*** Data supplied

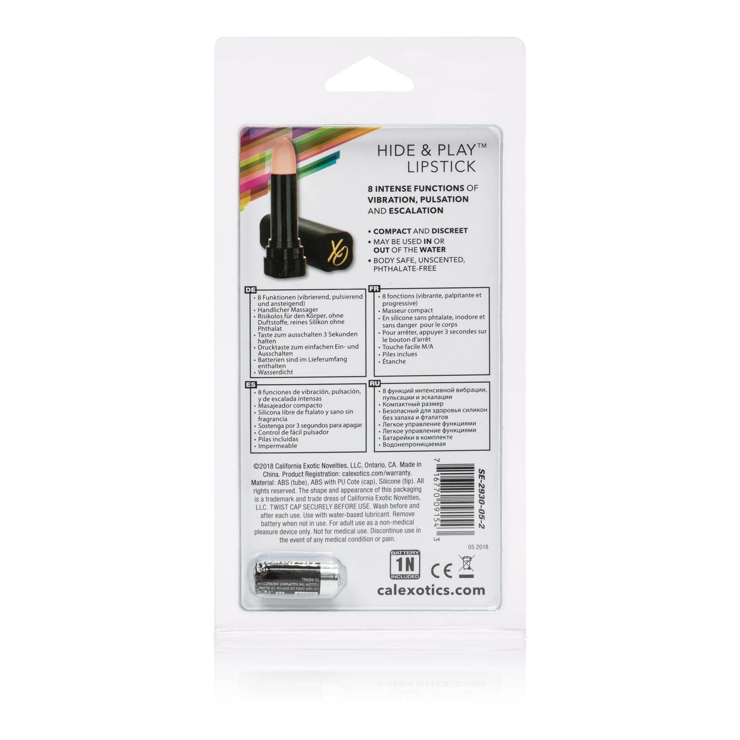 (WD) Hide and Play Lipstick Vibrator Nude from Cal Exotics. Slim, stylish and ready for your next adventure, the discreet Hide & Play Lipstick is the playful travel-loving vibe bullet that you have been dreaming of. Enjoy total pleasure to go by slipping the mini masssager into your purse and spice up the night whenver the urge takes you. This bold lipstick vibe has 8 powerful vibration functions controlled with a single frustration free button. The intense vibrations are sent throughout the compact bullet for mind-blowing external stimulation. This versatile bullet is an discreet, travel size option for bashful beginners or the erotic experts. Whether you are looking to spice things up in the bedroom or sneak in sensual solo time, this mini vibe is ready to go. The unique lipstick shaped tip is designed to deliver powerful pinpoint stimulation or a full contact teasing action. Power up your pleasure with a single N battery. The discreet lipstick disguise makes it the mini massager the ideal travel companion, letting you enjoy radiating pleasure wherever your fantasies take you. Color Nude. Materials Silicone, ABS Plastic with Polyurethane PU Cote.
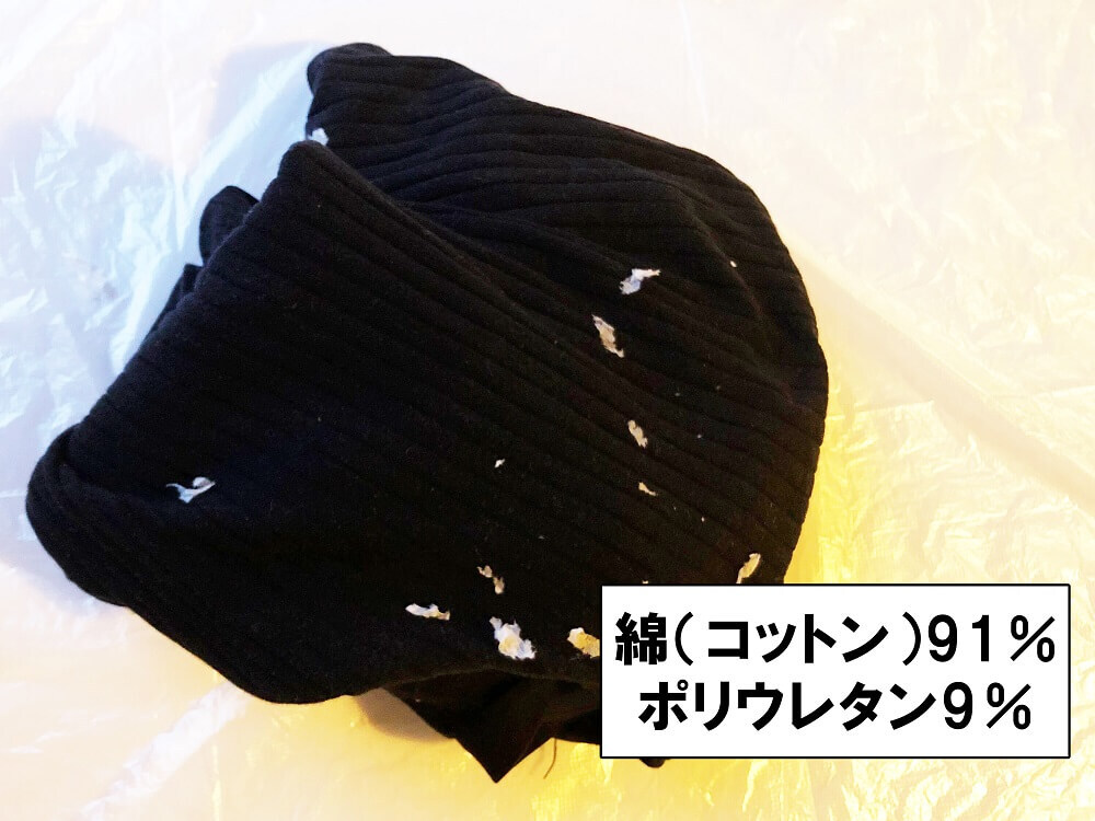 次は、Tシャツなどによく用いられる綿とポリウレタンの「コットン混紡生地」。
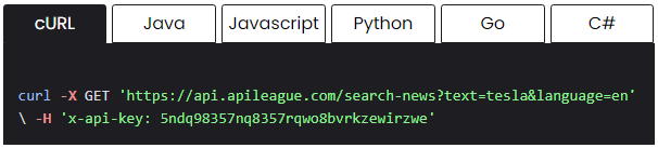 For each API you'll get multiple example code snippets that you can Copy in Paste into your IDE and run. No matter whether you code in Java, Javascript, Python, Go, or C#. If your language is not listed, you can either use cURL or one of the many SDKs.
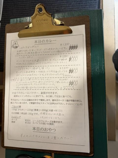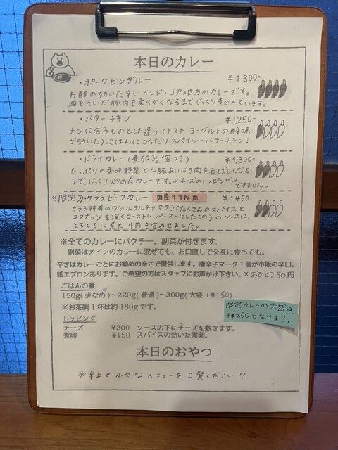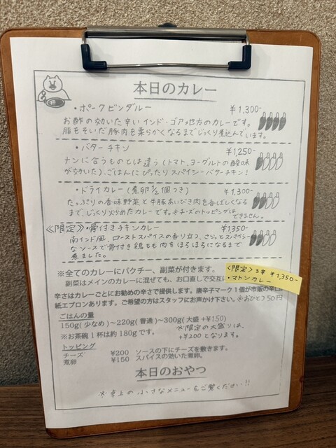 レギュラーメニューは「ポークビンダルー(1,300円)」「バターチキン(1,250円)」
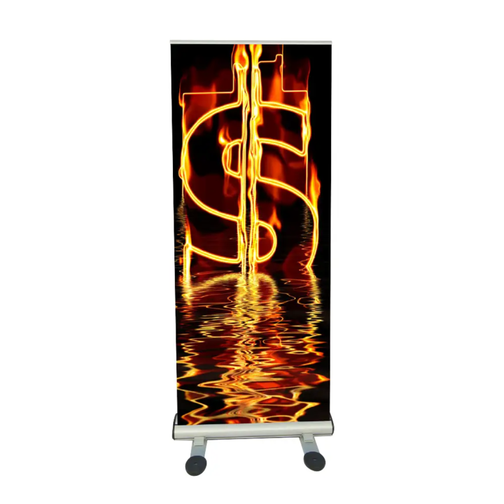 Made for outdoor use with a heavy and stable foot. The RollUp function is built into the foot. Adjustable bar included, which means that you have 3 pcs. options in height, 90 cm, 145 cm and 205 cm. A built-in suspension construction means that the product can withstand wind. A good alternative to ordinary street stands at events.
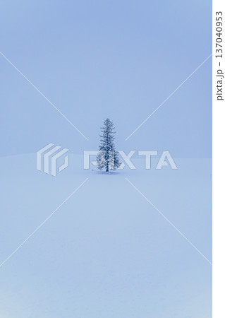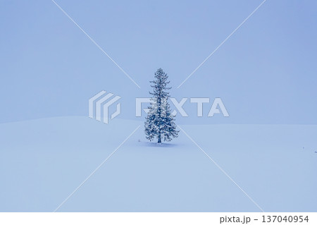 白銀の世界に浮かぶ孤高のクリスマスツリーの木 冬のミニマル風景
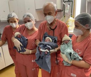 Um jovem casal haitiano vivenciou nesta semana a reta final de uma tripla gestação. As crianças chegaram ao mundo na quinta-feira (13), no Hospital Bom Jesus, em Toledo, sob os cuidados da equipe médica formada pelo médico João Pedro e pelas obstetras Eduarda Bombonatto da Silva e Amanda Gabriela Giusti Bandeira, além da berçarista Alaídes e das enfermeiras Eliane Fátima de Melo e Laura Ceron. A mãe estava internada, pois a gestação era classificada como de alto risco e havia necessidade de cuidados hospitalares.
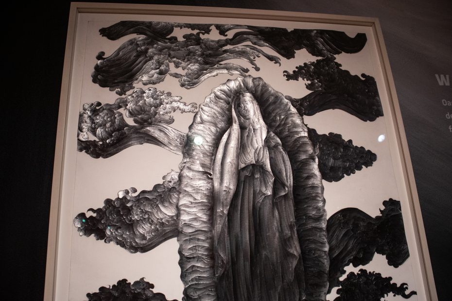 “Black Power Waves” by Oasa DuVerney uses graphite to depict the Virgin of Guadalupe at the Museum of African Design on Jan. 9, 2026. Photo by Mariana Garcia.
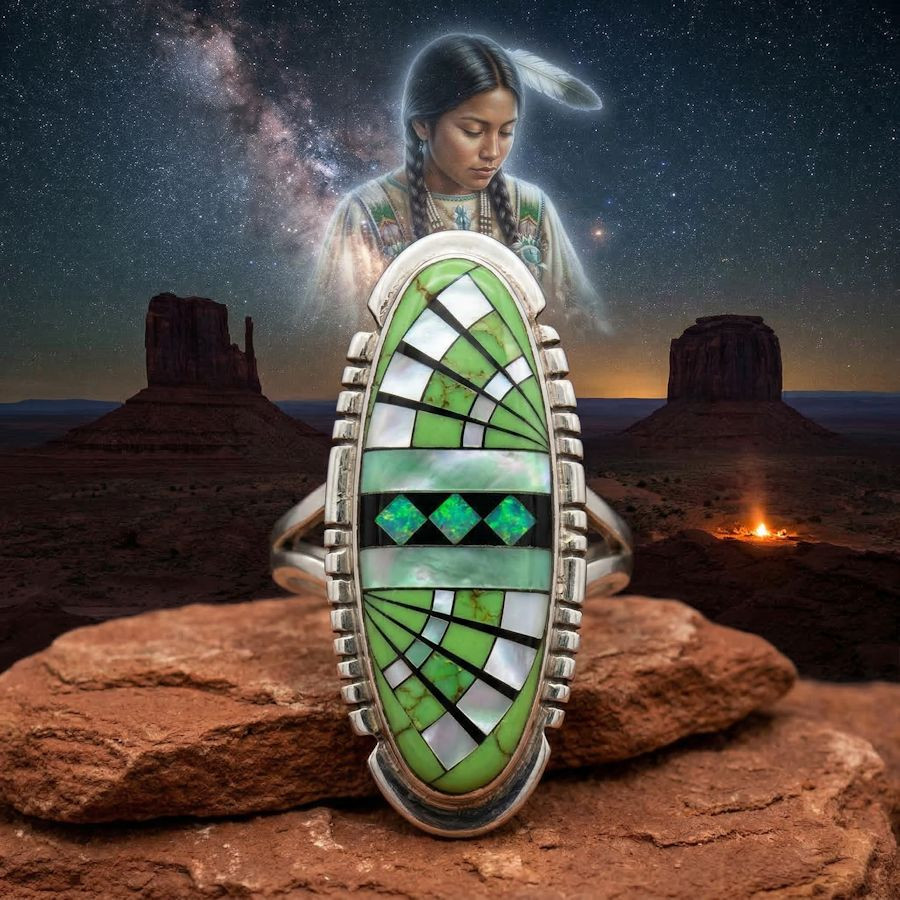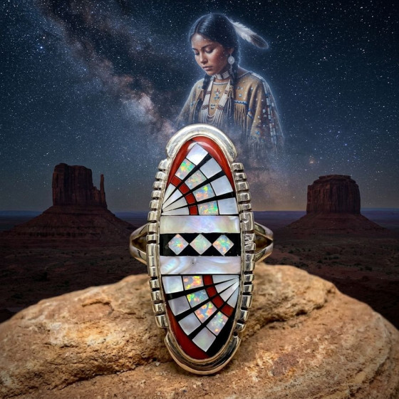 Ring in Sterling/925 Silver, elongated in shape and set with multi-colored stones.

******

Problem description:
Set the listing down verbatim, excluding pictures.

Response:
 (WD) Hide and Play Lipstick Vibrator Nude from Cal Exotics. Slim, stylish and ready for your next adventure, the discreet Hide & Play Lipstick is the playful travel-loving vibe bullet that you have been dreaming of. Enjoy total pleasure to go by slipping the mini masssager into your purse and spice up the night whenver the urge takes you. This bold lipstick vibe has 8 powerful vibration functions controlled with a single frustration free button. The intense vibrations are sent throughout the compact bullet for mind-blowing external stimulation. This versatile bullet is an discreet, travel size option for bashful beginners or the erotic experts. Whether you are looking to spice things up in the bedroom or sneak in sensual solo time, this mini vibe is ready to go. The unique lipstick shaped tip is designed to deliver powerful pinpoint stimulation or a full contact teasing action. Power up your pleasure with a single N battery. The discreet lipstick disguise makes it the mini massager the ideal travel companion, letting you enjoy radiating pleasure wherever your fantasies take you. Color Nude. Materials Silicone, ABS Plastic with Polyurethane PU Cote.
 次は、Tシャツなどによく用いられる綿とポリウレタンの「コットン混紡生地」。
 For each API you'll get multiple example code snippets that you can Copy in Paste into your IDE and run. No matter whether you code in Java, Javascript, Python, Go, or C#. If your language is not listed, you can either use cURL or one of the many SDKs.
 レギュラーメニューは「ポークビンダルー(1,300円)」「バターチキン(1,250円)」
 Made for outdoor use with a heavy and stable foot. The RollUp function is built into the foot. Adjustable bar included, which means that you have 3 pcs. options in height, 90 cm, 145 cm and 205 cm. A built-in suspension construction means that the product can withstand wind. A good alternative to ordinary street stands at events.
 白銀の世界に浮かぶ孤高のクリスマスツリーの木 冬のミニマル風景
 Um jovem casal haitiano vivenciou nesta semana a reta final de uma tripla gestação. As crianças chegaram ao mundo na quinta-feira (13), no Hospital Bom Jesus, em Toledo, sob os cuidados da equipe médica formada pelo médico João Pedro e pelas obstetras Eduarda Bombonatto da Silva e Amanda Gabriela Giusti Bandeira, além da berçarista Alaídes e das enfermeiras Eliane Fátima de Melo e Laura Ceron. A mãe estava internada, pois a gestação era classificada como de alto risco e havia necessidade de cuidados hospitalares.
 “Black Power Waves” by Oasa DuVerney uses graphite to depict the Virgin of Guadalupe at the Museum of African Design on Jan. 9, 2026. Photo by Mariana Garcia.
 Ring in Sterling/925 Silver, elongated in shape and set with multi-colored stones.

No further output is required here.